BEGIN Extracted data
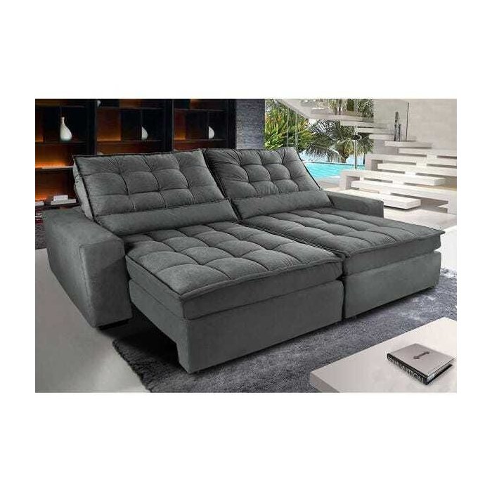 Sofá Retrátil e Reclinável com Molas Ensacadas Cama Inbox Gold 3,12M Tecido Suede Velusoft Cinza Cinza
END Extracted data
BEGIN Extracted data
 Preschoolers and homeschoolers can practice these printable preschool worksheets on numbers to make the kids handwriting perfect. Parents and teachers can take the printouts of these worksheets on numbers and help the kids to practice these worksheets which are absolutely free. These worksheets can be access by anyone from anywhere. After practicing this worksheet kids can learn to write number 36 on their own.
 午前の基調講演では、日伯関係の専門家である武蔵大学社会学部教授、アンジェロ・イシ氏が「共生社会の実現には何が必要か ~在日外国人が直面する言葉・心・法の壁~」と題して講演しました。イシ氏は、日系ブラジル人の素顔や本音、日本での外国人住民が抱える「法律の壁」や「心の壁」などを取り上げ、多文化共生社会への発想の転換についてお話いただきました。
END Extracted data
BEGIN Extracted data
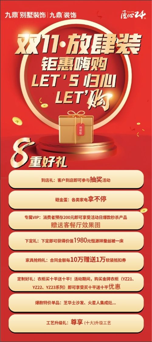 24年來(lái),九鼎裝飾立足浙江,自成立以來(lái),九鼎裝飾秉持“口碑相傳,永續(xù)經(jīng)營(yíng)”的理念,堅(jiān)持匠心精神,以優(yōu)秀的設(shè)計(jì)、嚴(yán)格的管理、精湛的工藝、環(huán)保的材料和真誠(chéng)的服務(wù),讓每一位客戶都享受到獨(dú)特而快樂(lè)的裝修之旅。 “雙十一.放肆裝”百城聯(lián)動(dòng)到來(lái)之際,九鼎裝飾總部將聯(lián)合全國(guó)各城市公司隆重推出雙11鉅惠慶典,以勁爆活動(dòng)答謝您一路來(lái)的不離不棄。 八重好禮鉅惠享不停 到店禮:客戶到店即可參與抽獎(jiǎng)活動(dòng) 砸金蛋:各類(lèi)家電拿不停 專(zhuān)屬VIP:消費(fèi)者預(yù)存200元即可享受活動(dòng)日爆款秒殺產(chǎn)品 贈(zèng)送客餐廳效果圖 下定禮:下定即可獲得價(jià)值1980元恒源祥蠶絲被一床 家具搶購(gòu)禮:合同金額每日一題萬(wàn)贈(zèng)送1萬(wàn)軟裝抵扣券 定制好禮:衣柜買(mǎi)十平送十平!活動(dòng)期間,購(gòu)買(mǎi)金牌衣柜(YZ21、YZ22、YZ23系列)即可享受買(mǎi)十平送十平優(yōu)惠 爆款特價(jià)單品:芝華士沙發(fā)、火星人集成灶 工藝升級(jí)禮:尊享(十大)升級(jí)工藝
END Extracted data
Task to carry out: In the data above, find the line that contains "Preschoolers and homeschoolers" and the line that contains "午前の基調講演では、日伯関係". Repeat exactly those lines and every line between them, and only those.

Answer section:
 Preschoolers and homeschoolers can practice these printable preschool worksheets on numbers to make the kids handwriting perfect. Parents and teachers can take the printouts of these worksheets on numbers and help the kids to practice these worksheets which are absolutely free. These worksheets can be access by anyone from anywhere. After practicing this worksheet kids can learn to write number 36 on their own.
 午前の基調講演では、日伯関係の専門家である武蔵大学社会学部教授、アンジェロ・イシ氏が「共生社会の実現には何が必要か ~在日外国人が直面する言葉・心・法の壁~」と題して講演しました。イシ氏は、日系ブラジル人の素顔や本音、日本での外国人住民が抱える「法律の壁」や「心の壁」などを取り上げ、多文化共生社会への発想の転換についてお話いただきました。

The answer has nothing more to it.